Выбрать главу

И чувствовалось внизу такое жутковатое стадное единство, такая мертвая сплоченность против всех, кто не поет вместе с ними, что безголосый с детства Умнов быстренько спустился с люстры, открыл глаза, поднялся со стула, стараясь не шуметь, не скрипнуть половицей, пошел на цыпочках вдоль стены, дошел — незамеченный! — до тайной дверцы с чеканкой, открыл ее, дверцу, и припустился по служебному коридору, метеором пронесся через пустой холл, из которого исчезли даже дежурные портье, вмиг взлетел на свой второй этаж, на ходу вынимая из кармана ключ от номера, от волнения едва попал им в замочную скважину, распахнул дверь, шмыгнул в прихожую, дверь захлопнул, ключ с внутренней стороны дважды повернул и только тогда расслабленно прислонился к холодной стене, голову к ней прижал, зажмурился и задышал — часто-часто, как будто провел глубоко под водой черт знает сколько пустого и тяжкого времени.
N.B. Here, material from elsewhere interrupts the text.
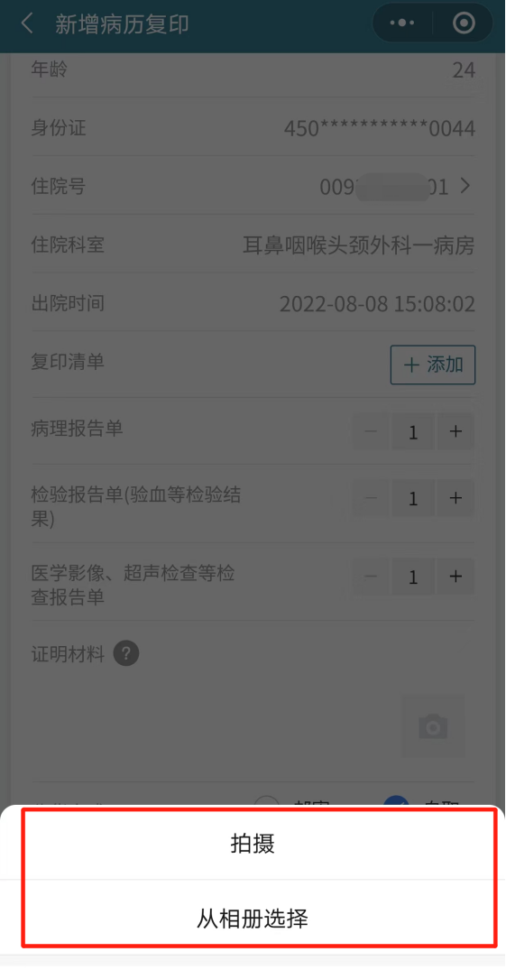 (3)身份证明材料可以现场拍摄或从相册选择,为保证复印病历申请顺利通过,请按照平台提示认真上传真实的、完整的、标准的相关身份证明材料。

А может, и провел — и впрямь лишь черт сие знает.

Не зажигая света, сбросил кроссовки, в носках прошел в спальню, быстро, по-солдатски, разделся, поставил ручной будильник на шесть утра и нырнул под холодящую простыню, накрылся с головой, зарылся в глубокие пуховые подушки: ничего не видеть, не слышать, не помнить. Самое главное: не помнить. Черт с ней, с памятью — пусть отключается назло большому Отцу города Василь Денисычу!

И то ли устал Умнов невероятно, то ли впрямь опьянел от сытного ужина, то ли сказалось нервное напряжение последних сумасшедших часов, но заснул он мгновенно — как выпал из действительности. И ничего во сне не видел.

Будильник зудел комаром: настойчиво и мерзко. Умнов его слышал, но глаз не открывал. Раннее вставанье было для него пыткой, он — сам так утверждал — и в журналистику пошел лишь для того, чтобы не просыпаться бог знает когда. И не просыпался никогда, дрыхнул до девяти как минимум, поскольку с некоторых пор семьей обременен не был, малые дети по утрам не плакали, а в любой редакции жизнь творческого человека начинается часов с одиннадцати. А тут…

Он резко сел в постели, внезапно и жутко вспомнив про «а тут». Сна как не бывало. Одна мысль: бежать.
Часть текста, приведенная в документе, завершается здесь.